Submitted by mdlazreg on Mon, 09/21/2009 - 16:57.
If you look at Dan's recurrent formula we notice that it is only at depth 4 that the formula becomes really recurrent with no new terms appearing. The reason for that is that after depth 4 no longer syllable can be found.

If you take the ABCD sequence such that AB, BC, CD are smaller sylables, there is no way to choose E such that DE is a syllable. This is the secret behind Dan's formula. So if you take an arbitrary sequence such as ABCDEFGHIJKLMN you know for sure that this sequence can belong to one of the following 4 categories:

1) MN, LM and KL are syllables. [JK MUST not be a syllable]
2) MN and LM are syllables. KL is not a syllable.
3) MN is a syllable. LM is not a syllable. KL can be or not a syllable.
4) MN, LM and KL are not syllables.

The fact that ANY sequence belong to one and only one category of the above is what makes Dan's formula possible.

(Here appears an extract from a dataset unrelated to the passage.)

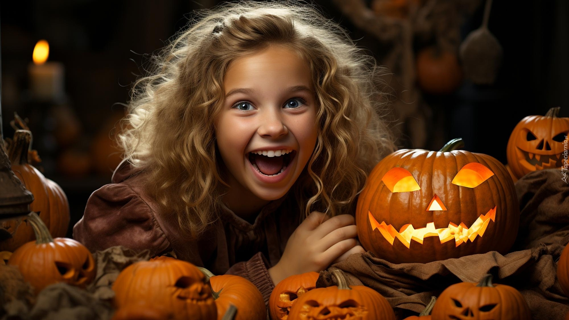 Edytor tapety: Dziewczynka i dynie na Halloween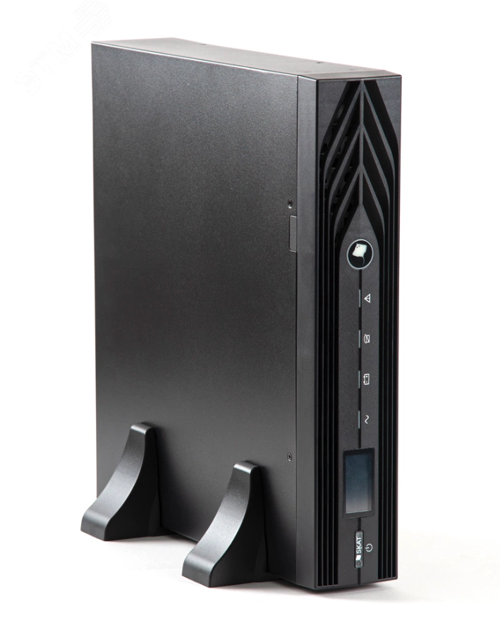 220В, 1500ВА (1350 Вт), Online, синусоидальная форма выходного напряжения, световая и звуковая индикация режимов работы, ЖК дисплей. Встроенный АКБ 9Ач, 3 шт, время резерва 5 мин. Количество выходных разъемов — IEC C13 — 8 шт. Дистанционный мониторинг по RS 232, USB, порт для платы релейного интерфейса. Возможность подключения SNMP-модуля DL 801. Функция удаленного аварийного отключения выходного напряжения (EPO). Корпус под 19` шкаф, высота 2U или настольная установка.

I have come up with a notation to describe each category:

1) 2-1+2-1+2
2) 2-1+2+1
3) 2+1+1
2) 1+1+1+1

2 means a syllable of length 2.
-1 means that the previous syllable of length 2 shares its last move with the next syllable of length 2.
1 means that the move does not have any adjacent move that can turn both of them into a syllable.

Notice that the sum above of each category is 4.

Now if you take a sequence of length 5 and using the above notation you will be able to write it in one of the following form:

1+1+1+1+1 [no syllables that share their moves]
2+1+1+1 [one syllable]
2-1+2+1+1 [two syllables]
2-1+2-1+2+1 [three syllables]

The category 2-1+2-1+2-1+2+1 is impossible because there are 0 positions that can be described this way. It is the fact that they are no positions with 4 adjacent syllables that limits the Dan's formula to 4 terms only.

With this in mind, how one can develop a recurrent formula for the 12q identities. if we take a position of length 6 we can write it as follow :

1)1+1+1+1+1+1
2)6

The first category is of positions that are not a half sequence of a 12q identity. The second category is of positions that are half sequence of a 12q identity.

Now if we take a position of length 7 we can write is as follow:

1)1+1+1+1+1+1+1
2)6+1
3)6-5+6

The category 3) is of sequences ABCDEFG such that ABCDEF is a syllable of length 6 and BCDEFG is a syllable of length 6.

The category 2) is of sequences ABCDEFG such that ABCDEF is a syllable of length 6 and BCDEFG is NOT a syllable of length 6.

I hope you are following my notation and what it means...

Developing a recurrent formula for the 12q identities will need to figure out how many categories they are. For example the category:

6-5+6-5+6-5+6-5+6-5+...... which can be written as N*(6-5) will stop for some N, in such a way that there is 0 position of the form (N+1)(6-5). The same thing for the category:

6-4+6-4+6-4+......

Of course they are many other categories, they are in the form:

6-a+6-b+6-c+6-d+.... where a,b,c,d,.... are >=1 and <=5.

The recurrent formula will be the sum of terms where each term correspond to one category.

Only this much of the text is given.